- What is required: Retype the opening lines of the data exactly, stopping after the line that contains "Pumpkin cream, fior". Skip every picture.

### Information given ###

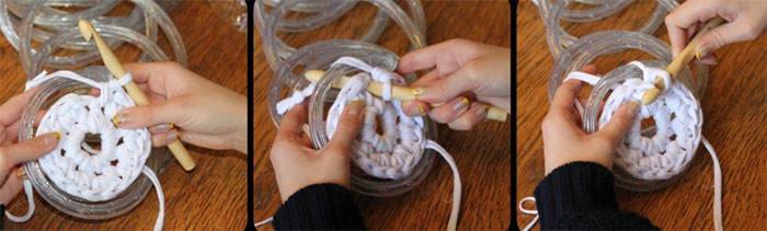 Primul rand este fara luminite, iar in a doilea rand incepeti sa lucrati in jurul lantului de lumina. Veti avea nevoie cu siguranta de un carlig de crosetat gros, dar rezultatul merita 🙂
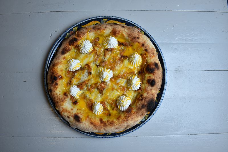 Pumpkin cream, fior di latte, mushrooms, sausage, coppa nostrana and buffalo burrata.
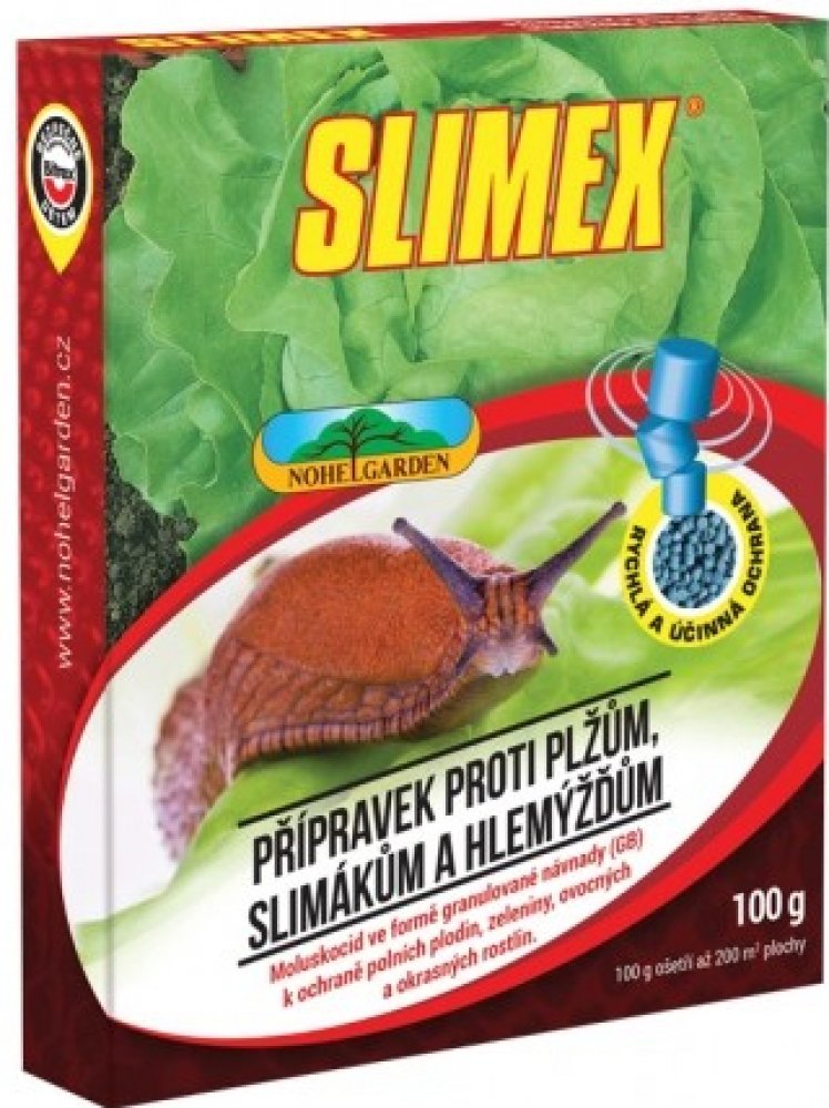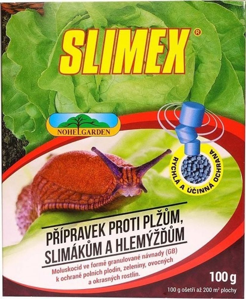 K ochraně polních plodin, zeleniny, ovocných a okrasných rostlin. Přípravek proti plžům, slimákům a hlemýžďům (moluskocid) ve formě granulované návnady k ochraně polních plodin, zeleniny, ovocných a okrasných rostlin. Obsahuje hořkou látku Bitrex, která zabraňuje jeho konzumaci dětmi, a další repelenty zabraňující konzumaci domácími zvířaty (psi, kočky, slepice). Odolný proti dešti a vlhku. Působení: Ochrana použitím granulovaných návnad je založena na jejich částečné nebo úplné konzumaci škůdcem. Hlemýždi a slimáci musejí návnadu před požitím nalézt. Požití potřebného množství návnady je klíčovým faktorem účinnost. Přípravek působí znehybnění slimáků a následuje uhynutí. Nejlepších výsledků je dosaženo aplikací v průběhu mírně vlhkého počasí, kdy jsou slimáci nejaktivnější. je velmi atraktivní pro slimáky a hlemýždě díky obsahu rostlinných atraktantů účinkuje dlouhodobě a spolehlivě granule vynikají bezprašným povrchem obsahuje zhořčovadlo Britex, které odrazuje psy a kočky od jeho konzumace vysoce odolný vůči dešti a vlhku rovnoměrně velké granule se snadno aplikují díky perforaci v obalu je registrován do širokého spektra plodin K zabránění rezistence nealitujte tento přípravek nebo jiný, který obsahuje stejnou látku typu aldehydů (např. metaldehyd) po sobě bez přerušení ošetření jiným insekticidem s odlišným mechanismem účinku. Přípravek není dostatečně účinný proti plzáku španělskému.
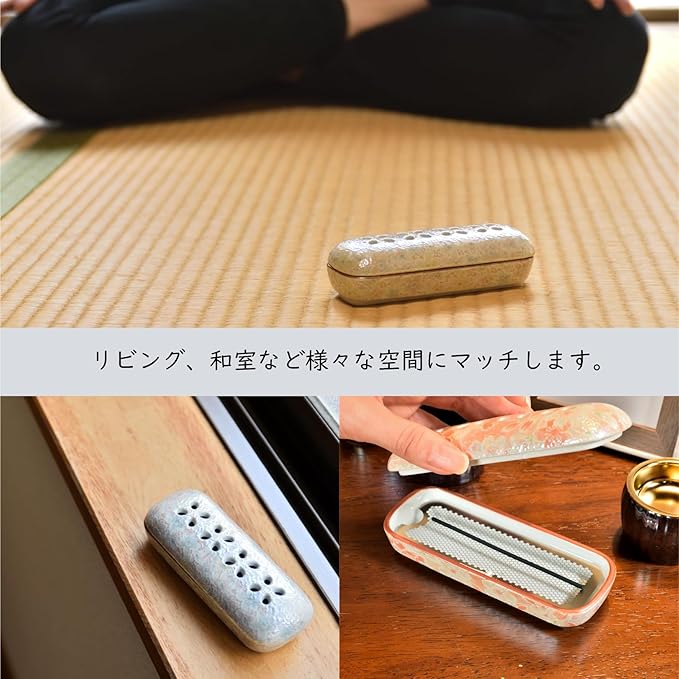 瞑想、禅(ZEN)、マインドフルネスのおともにも。インセンスホルダーとして、リラックスする香りのお香、お線香を焚いてご使用いただけます。個箱入りのため、線香とセットでの贈り物にもおすすめです。
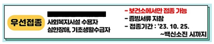 | 우선접종 | 국가유공자, 기초생활수급자, 심한장애를 가진자, 사회복지시설 수용자. |
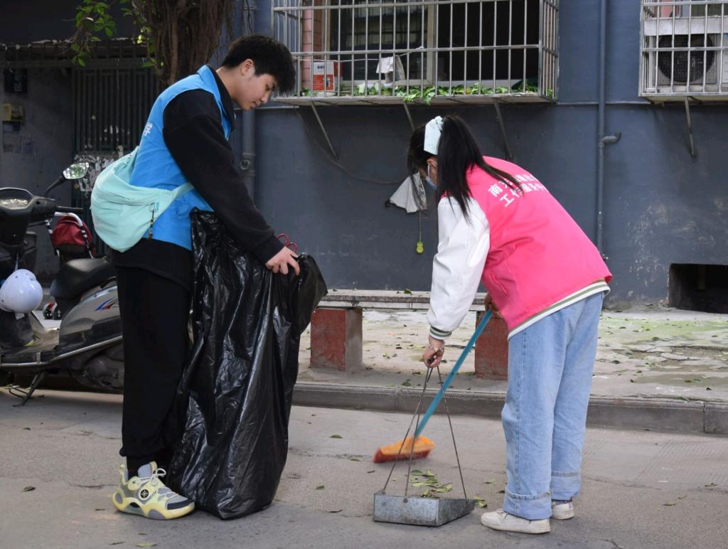 志愿者在社区内清扫垃圾
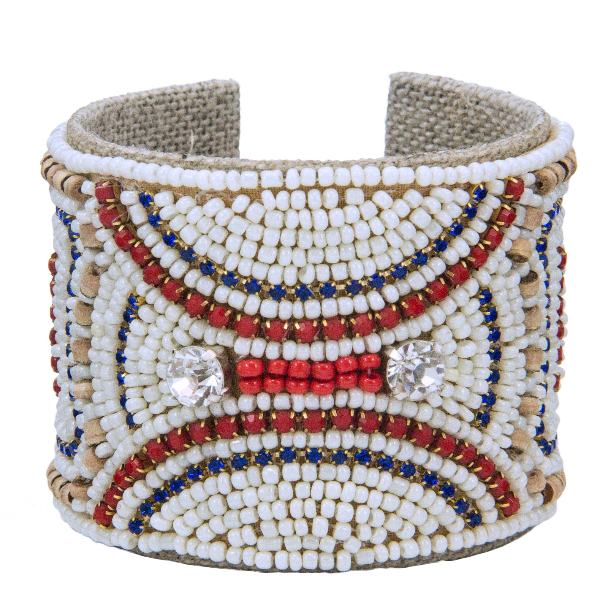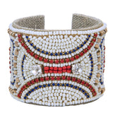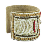 Handcrafted Devi Cuff by Sam DuPont. An adventurous statement piece of luminous color! Adorned with intricate patterns of colorful glass beads, all cuffs are pliable for an effortless and elegant fit. Natural linen lining adds style and comfort. Timeless color and styling.
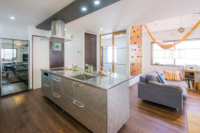 約3年前に奥様の実家の1〜3階を全面リノベーションし、3世代で同居するAさん一家。1階をお父様のプライベートスペースとし、2階をLDK、3階をご夫婦の寝室と子ども部屋に。いずれも開放感と明るさを重視した間取りで、過ごす時間の長いLDKは床に無垢材を採用し、壁は施主施工の漆喰塗りにした。その調湿効果のおかげなのか、ファンヒーターを使う冬場の結露は想像以上に軽く、強い匂いの料理を作っても翌朝にそれが残ることはないそうだ。 リビングで目を引くのが、窓際の壁に設けられたボルダリング。ご主人の要望により、専用コンパネで補強した壁に取り付けられたもので、見た目もインパクト大。体を動かすことが好きでアクティブな一家を象徴するようなコーナーだ。壁に向かって右半分は難易度が高く、左半分は比較的易しい位置取りになっている。登る頻度が最も高いのが息子さんで、遊びに来た友人と一緒に楽しむことも。ご主人はもちろん、奥様と娘さんもたまに登ることがあるという。 一方、奥様の憧れだった大きなアイランドキッチンは、知人が集まるパーティーなどの際、テーブル代わりにもなってとても便利。奥様が朝早く出勤する日は、家族それぞれが同時にキッチンに立ち、パンやご飯など好みのものを準備するにも、この広いキッチンが活躍。背後の食器棚との空間にもゆとりがあり、互いに行き交いもスムーズにできる。以前のキッチンが狭かった分、その利便性を大いに実感しているようだ。また、3階の子ども部屋には現在一時的に奥様の弟さんが同居をしているが、開放的な間取りで部屋を家具などで仕切っていないため、狭小感は感じていない様子。 子どもたちの成長につれて共に過ごす時間が少なくなってはいても、家族みんなが心からくつろげる安らぎの空間は、これからも変わることなく家族の中心にあり続けることだろう。

###

- Solution to this task:
 Primul rand este fara luminite, iar in a doilea rand incepeti sa lucrati in jurul lantului de lumina. Veti avea nevoie cu siguranta de un carlig de crosetat gros, dar rezultatul merita 🙂
 Pumpkin cream, fior di latte, mushrooms, sausage, coppa nostrana and buffalo burrata.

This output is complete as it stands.